Again, just as a person cannot stand in between

the rungs of a ladder, the same way, electrons in
an atom cannot stop between the energy levels. In
order for an electron to move from one energy
level to another, the electron must gain or lose
the right amount of energy. This fixed amount of
energy is called quantum.

A Quantum of Energy
It is the minimum amount of energy required by an electron to move from one
energy level to the next higher energy level. The higher the energy level
occupied by an electron, the more energy it possesses and the farther away from
nucleus. From the diagram above, the first energy level is n=1 and it is the
energy level closest to the nucleus. Electrons found in that energy level has
the least energy since it is closest to the nucleus. An electron found in energy
level, n=3 has higher energy than an electron in energy level, n=2 and so on.
Also, the energy level n = 4, for example, is bigger or larger than n = 3 and
so on. Unlike the rungs of a ladder, the energy levels in an atom are not equally
spaced as can be seen from the diagram above.

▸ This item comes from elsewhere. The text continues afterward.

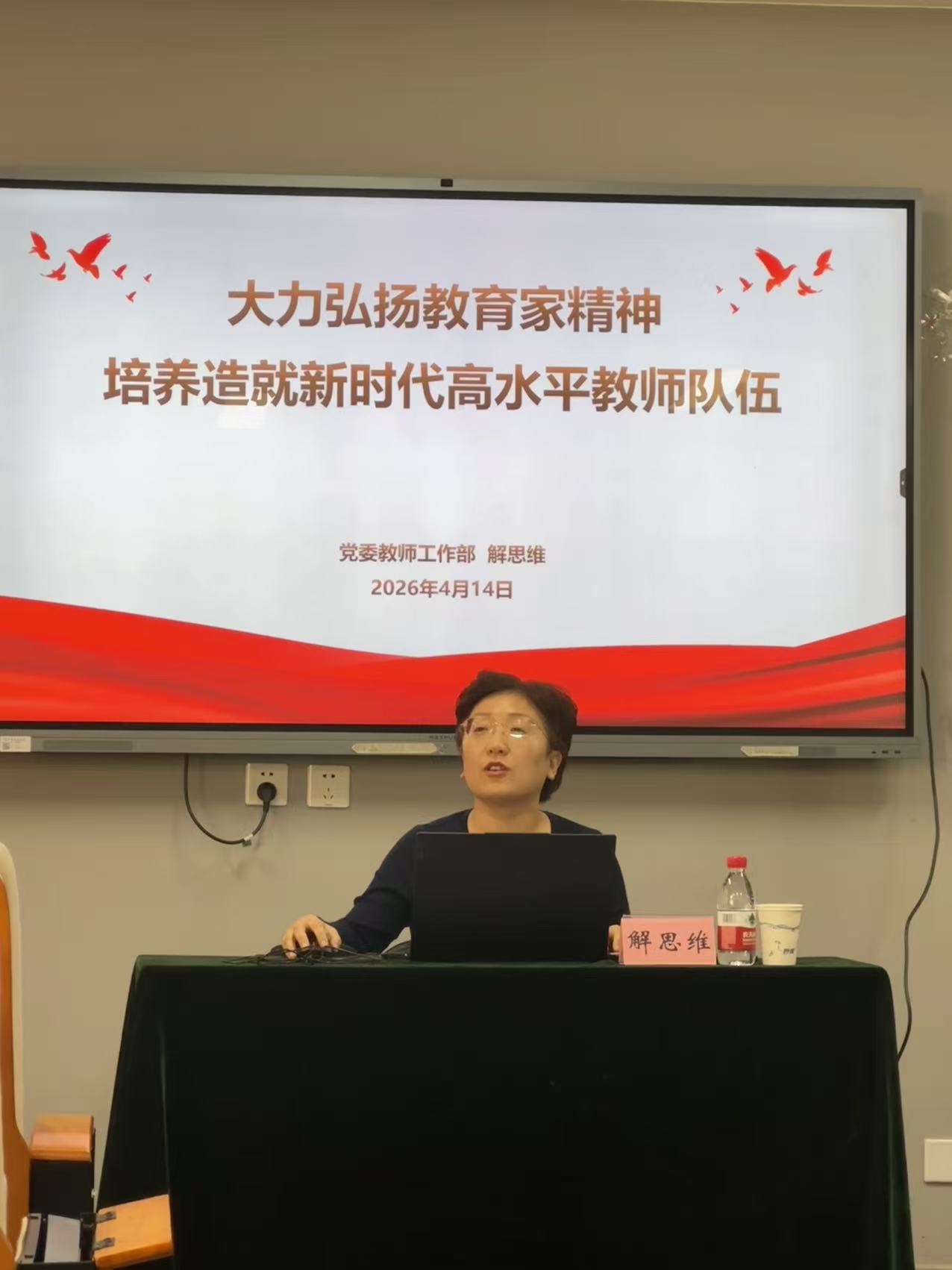 培训从“深入学习领会习近平总书记关于教育的重要论述”“准确把握教师思想政治和师德师风建设成效问题”“努力培养造就新时代高水平教师队伍”三个方面展开,系统梳理了习近平总书记关于教师队伍的重要论述,带领教师集体学习了习近平总书记提出的教育家精神,分析了教师思想政治和师德师风建设工作的新形势和新要求,详细解读了我校教师思想政治和师德师风建设制度文件。

The Atomic Emission Spectra

Elements or atoms emit light when they are heated or an electric charge is passed
through them. When heat or electric charge is applied to an atom, the electrons
in the atom absorb the energy (quantum of energy) causing the electrons to move
from their present energy level (stationary state or ground state) to a higher
energy level (excited state). As the electrons drop or fall back from the higher
energy level into their ground state energy level, they lose the quantum of
energy earlier absorbed. This energy is released or lost in the form of light.
Thus, there is the emission of light of different frequencies. The color of
light seen corresponds to the frequency of the emitted light.
When this emitted light is passed through a glass prism, a spectrum of light
with different frequencies are produced called the atomic emission spectrum.
Atomic emission spectrum (pl. spectra) is a pattern of frequencies obtained by
passing the light emitted by atoms of an element in the gaseous state through a
glass prism.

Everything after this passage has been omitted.